Shale drillers, who dominate U.S. production, have been particularly irked by the Biden administration's moratorium on new oil and gas leases on federal land. "The total number of leases is really low," Helms said.

Federal lands, though, account for only 24% of U.S. oil output, according to a 2018 report from the Congressional Research Service.

Thousands of potentially productive leases are essentially being inventoried by oil producers. The shale oil industry's reticence to drill reflects a newfound financial discipline.

For years, publicly traded shale companies expanded production non-strategically as oil prices rose, only to see shareholder disasters — like cascading losses and bankruptcies — during market pullbacks.

Energy stocks were one of the worst equity investments for much of the past decade.
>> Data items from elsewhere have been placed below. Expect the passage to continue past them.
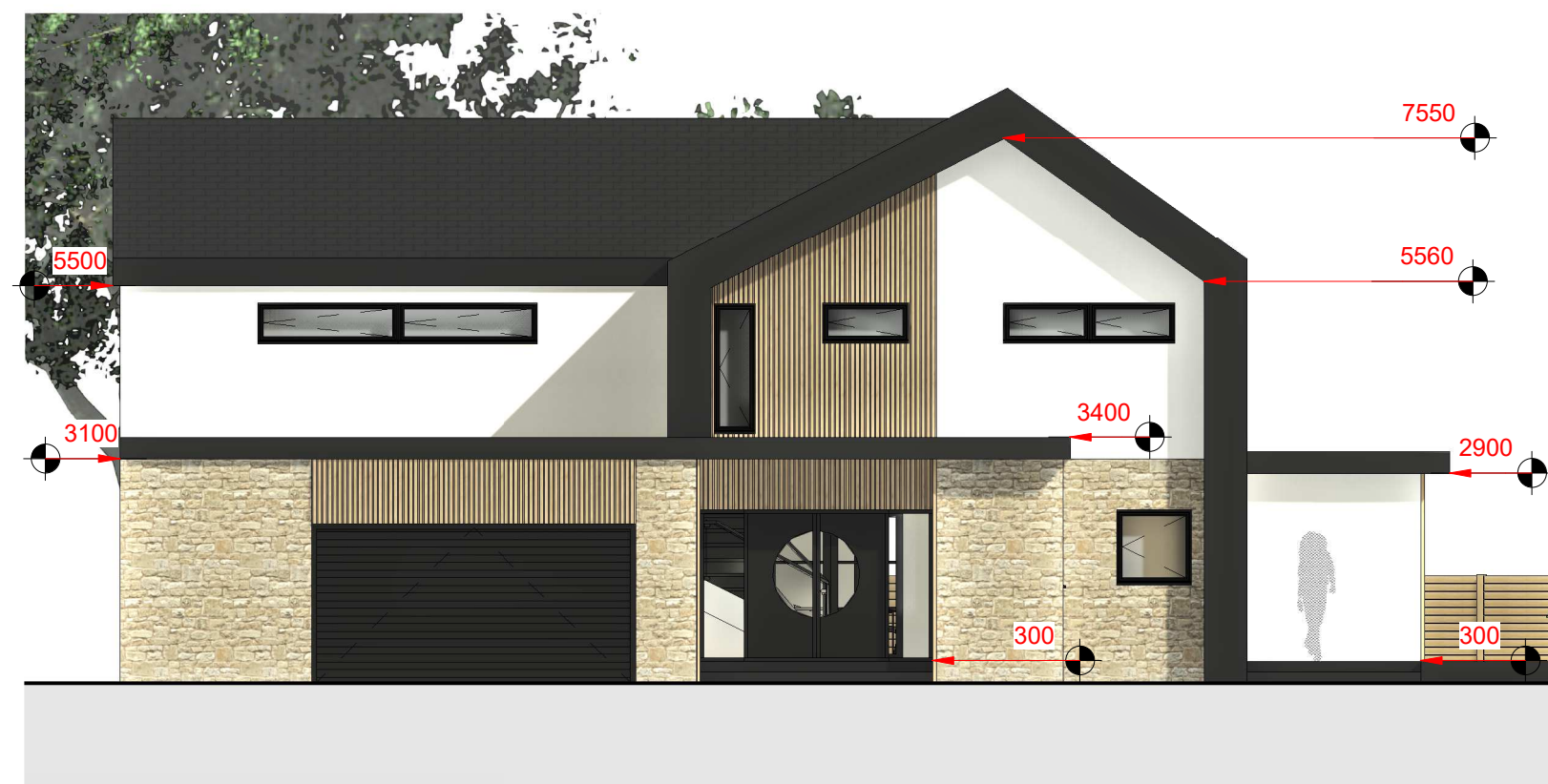
3 PROPOSED NORTH 1 : 100
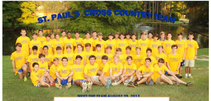
Largest Cross Country team ever!
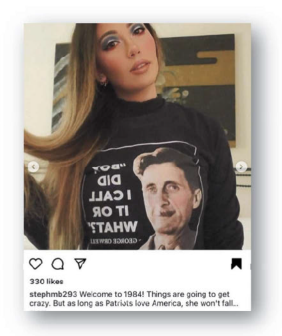
Screenshot 6—A screenshot of a post to the defendant's Instagram account from January 8, 2021, showing the defendant wearing the same black shirt that she wore while inside the Capitol on January 6, 2021. The shirt features a photo of George Orwell and attributes to him the quote: BOY DID I CALL IT OR WHAT?
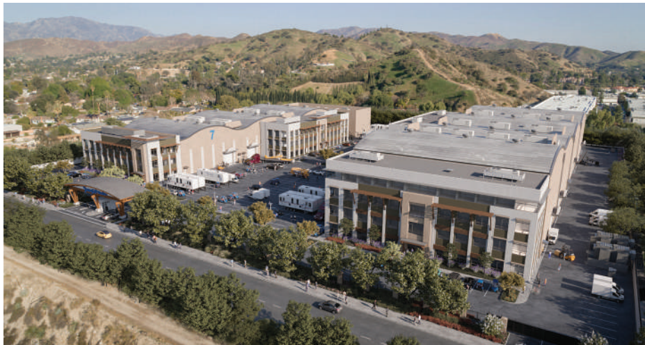
NEW ERA Movie studio construction was sparked by state incentives for California's film and TV industry.
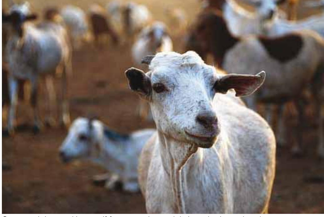
Goats can bring good income if farmers understand their production and market.

meat and more meat means money. A random sampling of customer preferences in major towns reveals that consumers prefer meat that is tender - easy to chew, with less fatty tissues. Tenderness is a very important factor when it comes to meat quality. Factors that influence tenderness are: the animal's age at slaughter, the amount of fat and connective tissue. Goat's meat is tender when the animals are slaughtered between 5-8 months of age.
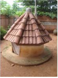
Ouidah May 2010 (76)

Rebuked by investors, shale companies since COVID have been eschewing rapid expansion in favor of returning cash to shareholders. With high oil prices, they're raking in profits.

The executives of two major shale oil companies — Pioneer Natural Resources and Devon Energy — signaled last month during earnings conference calls that they intend to remain disciplined.

"I want to be clear that there is no change to our cash return playbook," Devon CEO Rick Muncrief told stock analysts. Pioneer CEO Scott Sheffield told analysts, "We're not going to let the growth rate jump."

In October, Sheffield told the Financial Times that even if prices topped $100 a barrel, frackers would be cautious. "All the shareholders that I've talked to said that if anybody goes back to growth, they will punish those companies," he said.

After COVID caused shutdowns in the U.S. in March 2020, global oil demand cratered as factories cut back production and motor vehicle drivers stayed home. WTI stayed below $50 a barrel for much of 2020.

But over the past year, demand for oil has outpaced the industry's output. OPEC and other oil exporting nations — who control over half the world's supply — have been disciplined, too.

And like many industries, the oil business faces a tight supply chain for oilfield equipment and other supplies. Plus, oil companies been scrambling to find workers, another disincentive for production, Helms said.

"We have seen a lot of pressure on fracking crews," he said.